Comment vous êtes-vous formée ?

J’ai toujours dessiné et donc forte de cette compétence artistique j’ai pu obtenir un apprentissage auprès d’un maître tatoueur, auquel je me suis dédiée à plein temps pendant plus d’une année avant d’assister à une formation sur le tatouage médical (dermopigmentation réparatrice). Mais je savais qu’il fallait aller au-delà de cette technique qui était visuellement insatisfaisante et surtout pas définitive. J’ai aussi pu avoir beaucoup de formations sur les techniques de reconstruction auprès de chirurgiens plasticiens pour bien comprendre ce par quoi passaient les femmes et hommes concernés.

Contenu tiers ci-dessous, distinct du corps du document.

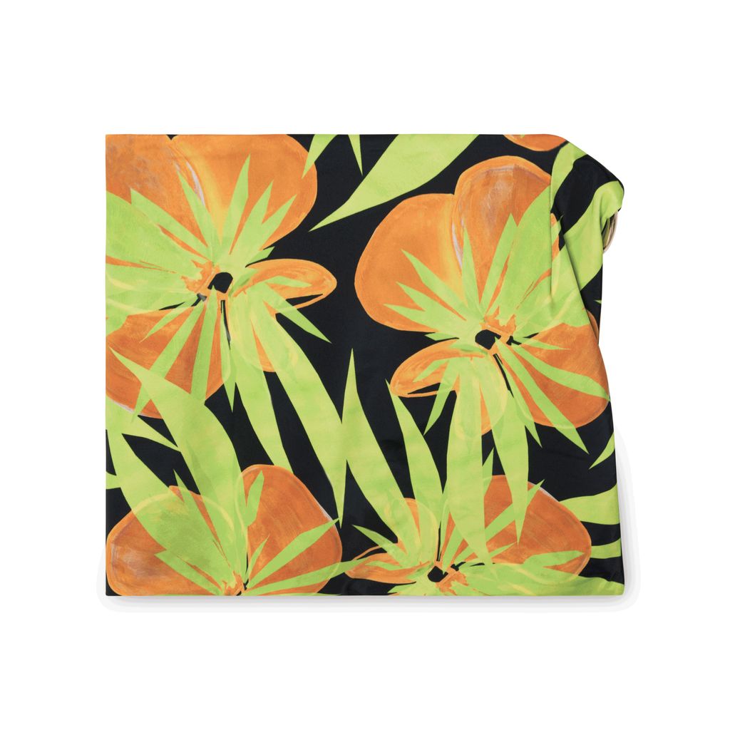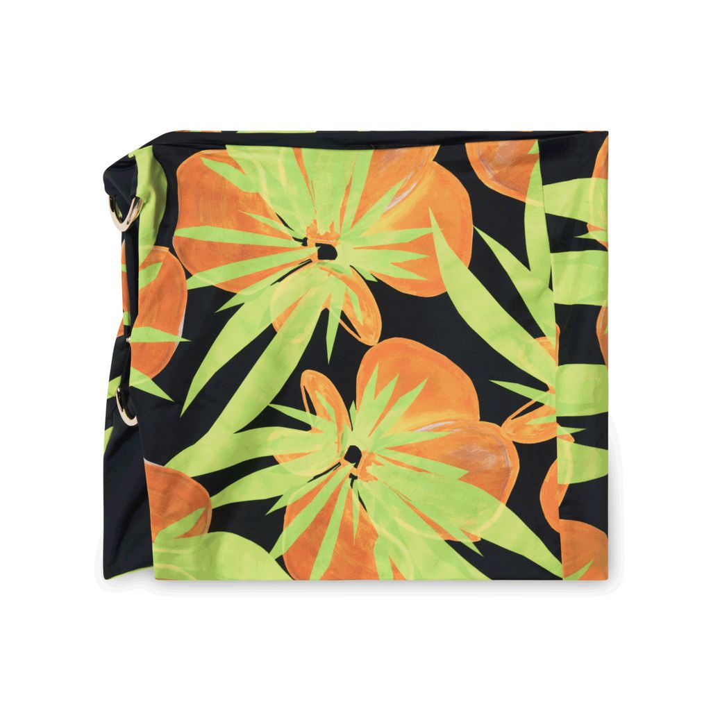 Louisa Ballou Double Ring Mini Skirt in sublime flower features gold ring enclosures.

Je suis allée compléter ces formations par une formation spécifique au tatouage 3D après mastectomie aux Etats-Unis.

Ce type de tatouage se fait sur des peaux abîmées par la chirurgie, la radiothérapie et aussi la chimiothérapie, et auprès de personnes en souffrance qu’un résultat approximatif ou une technique non précise pourraient anéantir. Avec comme préalable plus de 6000h de formation auprès d’un tatoueur et sous son contrôle, plusieurs centaines de tatouages de tous types sur tous types de peau, une formation dédiée mais courte aux Etats-Unis, les formations auprès des chirurgiens et la recherche bibliographique sur le sujet, j’ai pu à ce jour pu accumuler plus de 4000h de spécialisation à travers les tatouages 3D que j’ai réalisés depuis et ceci n’est à ce jour pas comparable avec des formations de quelques heures voire même quelques semaines dispensées dans des écoles de tatouage ou des instituts de formation. Il est urgent de pouvoir encadrer ces pratiques à l’avenir, car des déceptions voire des accidents seront inévitables si les gens ne sont pas dûment formés.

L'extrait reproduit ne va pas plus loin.